Educational psychologist Richard Mayer extends this idea with his Cognitive Theory of Multimedia Learning, which includes principles like the Multimedia Principle (people learn better from words and pictures together than from words alone) and the Modality Principle (people learn better from visuals + spoken narration than visuals + printed text).
One important caution is the Redundancy Principle: more modes are not always better if they are truly redundant. For example, narrating an animation while also displaying identical text can overload the learner’s cognitive capacity. The key is to ensure each mode contributes something unique – a concept called complementary redundancy rather than verbatim duplication.

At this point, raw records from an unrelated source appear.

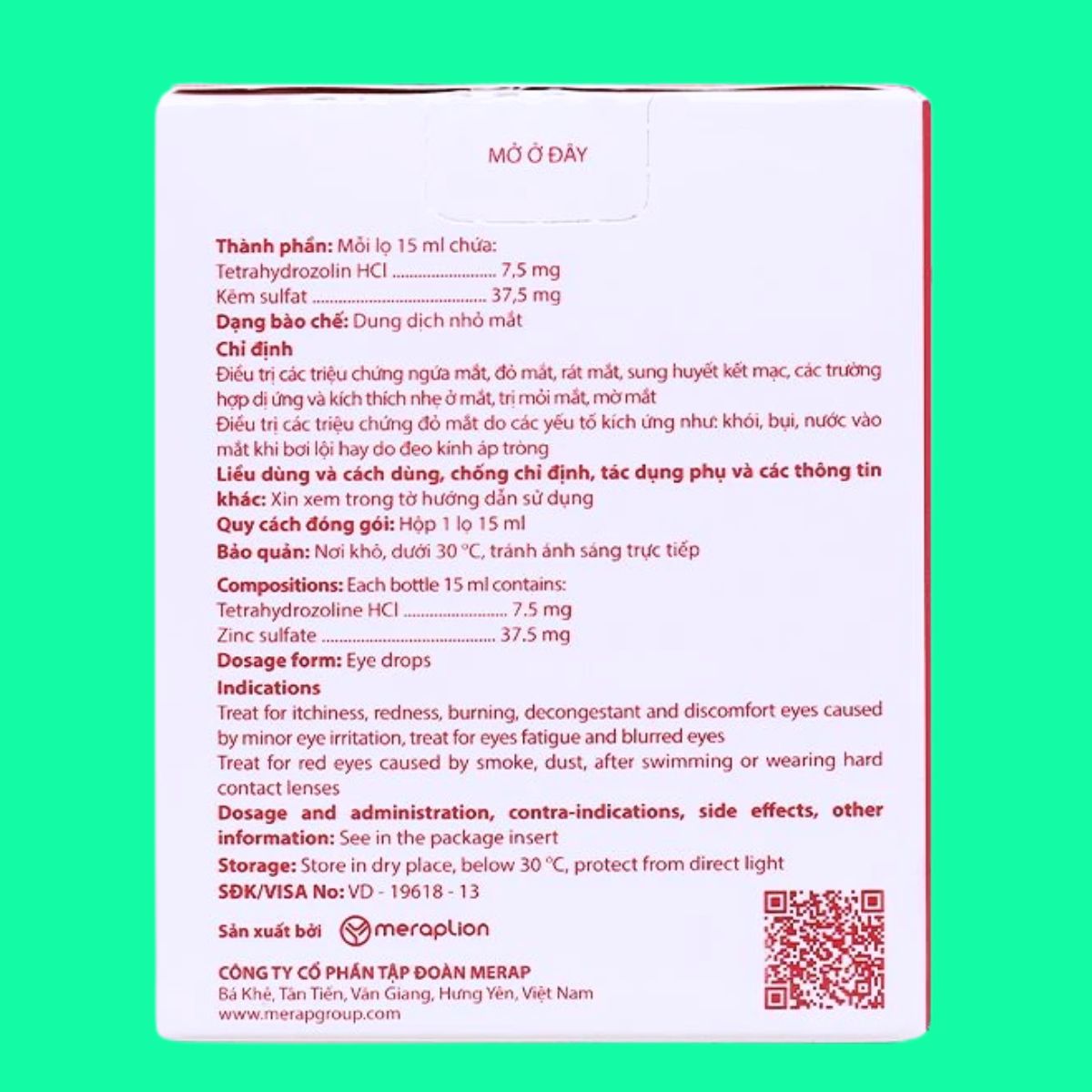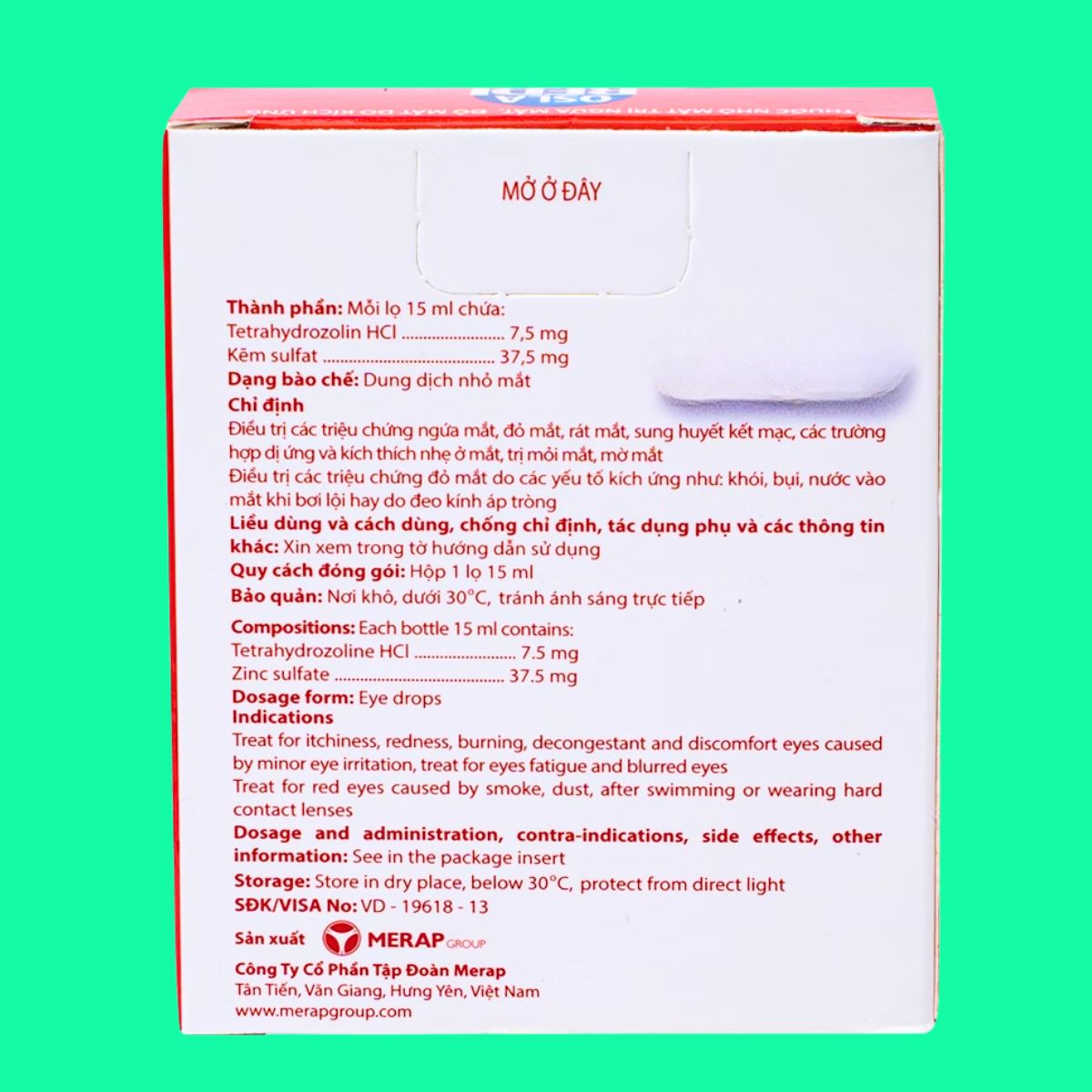 Kẽm sulfat: Có tác dụng kháng khuẩn nhẹ, giúp ngăn ngừa nhiễm khuẩn thứ phát ở mắt khi bị kích ứng hoặc viêm nhẹ.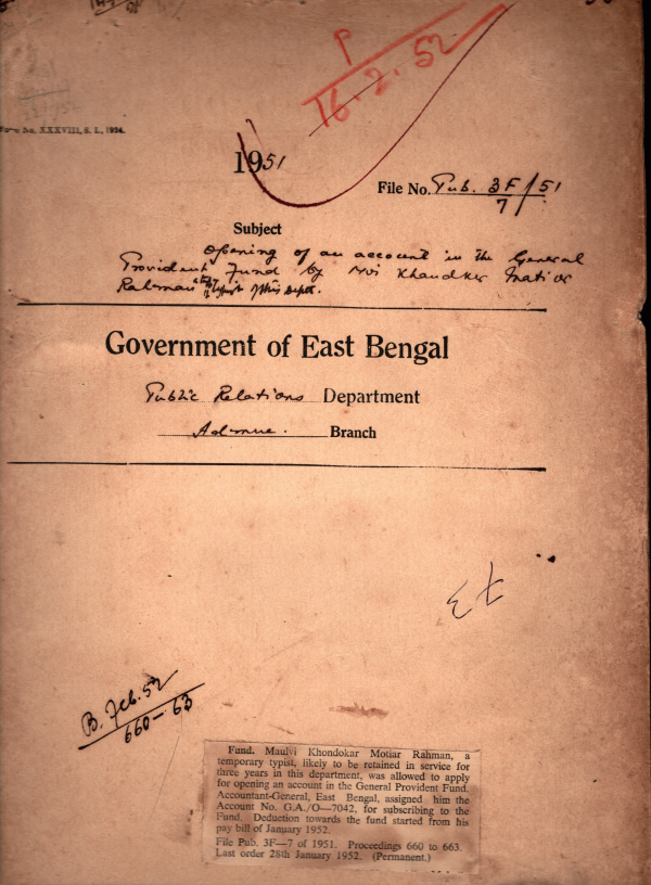 Opening of an account in the General Provident fund by Mvi. Khandker Motiar Rahman a for three years in this Department.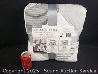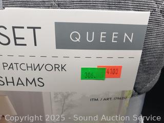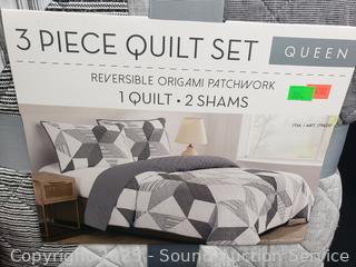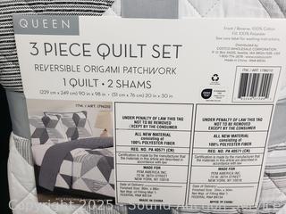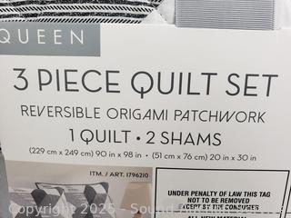 Lot #0306: 3pc Reversible Origami Patchwork Queen Quilt Set

In the “grief storm” example, the child’s picture expresses an atmosphere (dark clouds, rain) that words alone might not convey; if an adult then talks gently with the child about the picture (“It looks like a very sad storm”), the verbal mode validates and extends the visual mode. Through such multimodal encoding, sensation finds symbolic form, and the child can begin to think about their feeling. Multimodality is thus the transmutation that converts the lead of raw experience into the gold of understanding.

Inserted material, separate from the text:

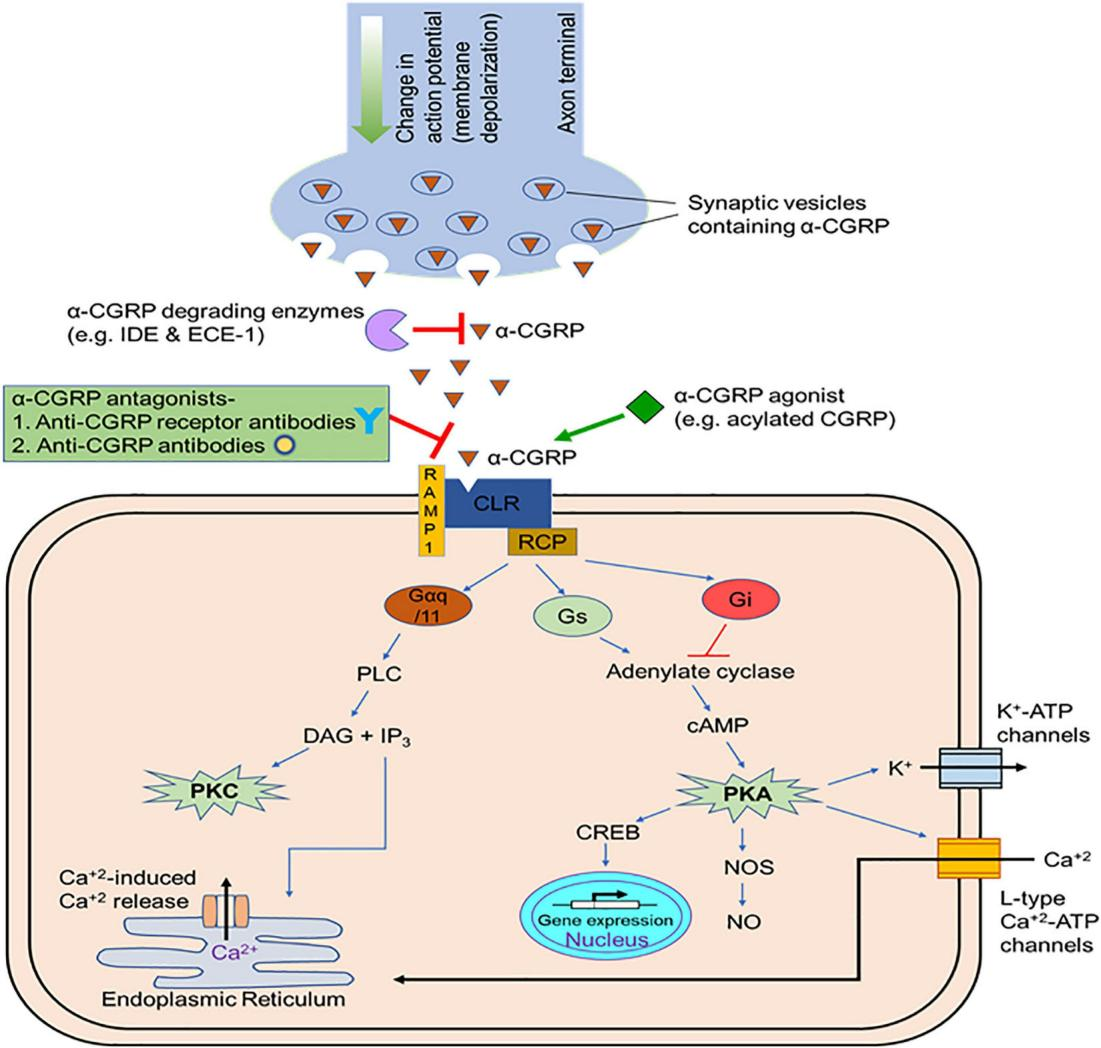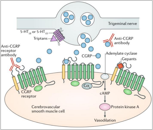 降鈣素基因相關(guān)肽(calcitonin gene-related peptid,CGRP)是一個含有37個氨基酸殘基的感覺神經(jīng)源性多肽,分為α-CGRP和β-CGRP兩個亞型,廣泛分布于中樞神經(jīng)系統(tǒng)(主要是三叉神經(jīng)血管系統(tǒng)、丘腦和小腦)。CGRP是一種強效的血管擴張劑,它主要由感覺神經(jīng)(如三叉神經(jīng))釋放。CGRP釋放后與腦血管平滑肌細(xì)胞表面的CGRP受體結(jié)合,引起腦血管擴張。CGRP受體的結(jié)構(gòu)主要包括:降鈣素受體樣受體(CALCRL)、活性修飾蛋白受體(RAMP)及結(jié)構(gòu)蛋白受體(RCP)。CGRP受體復(fù)合物是一種G蛋白偶聯(lián)受體,通過激活蛋白激酶A系統(tǒng),參與疼痛信息的病理調(diào)控過程。

A student illustrates a concept through drawing. Converting ideas into images engages multiple cognitive pathways, strengthening memory. Research shows that drawing is an “active process” – the tactile movement of pencil on paper plus the visual feedback “strengthens the cognitive pathways” that lead to durable understanding.
Even in adults, we rely on cross-modal translation to comprehend complex ideas. Think of a time you doodled a quick sketch to explain a problem, or moved your hands while searching for the right words. That’s your brain switching modes to leverage different strengths. Our minds don’t limit themselves to one modality when grappling with tough questions – why should our teaching and learning?
Multimodal Learning Design in Education
What does all this mean in the classroom or the workplace?
Multimodal learning design takes those principles of concurrent meaning-making and puts them into practice. In essence, it means crafting learning experiences that invite learners to engage with content in multiple modes – and to express their understanding in multiple modes. The evidence is overwhelming that this leads to deeper learning.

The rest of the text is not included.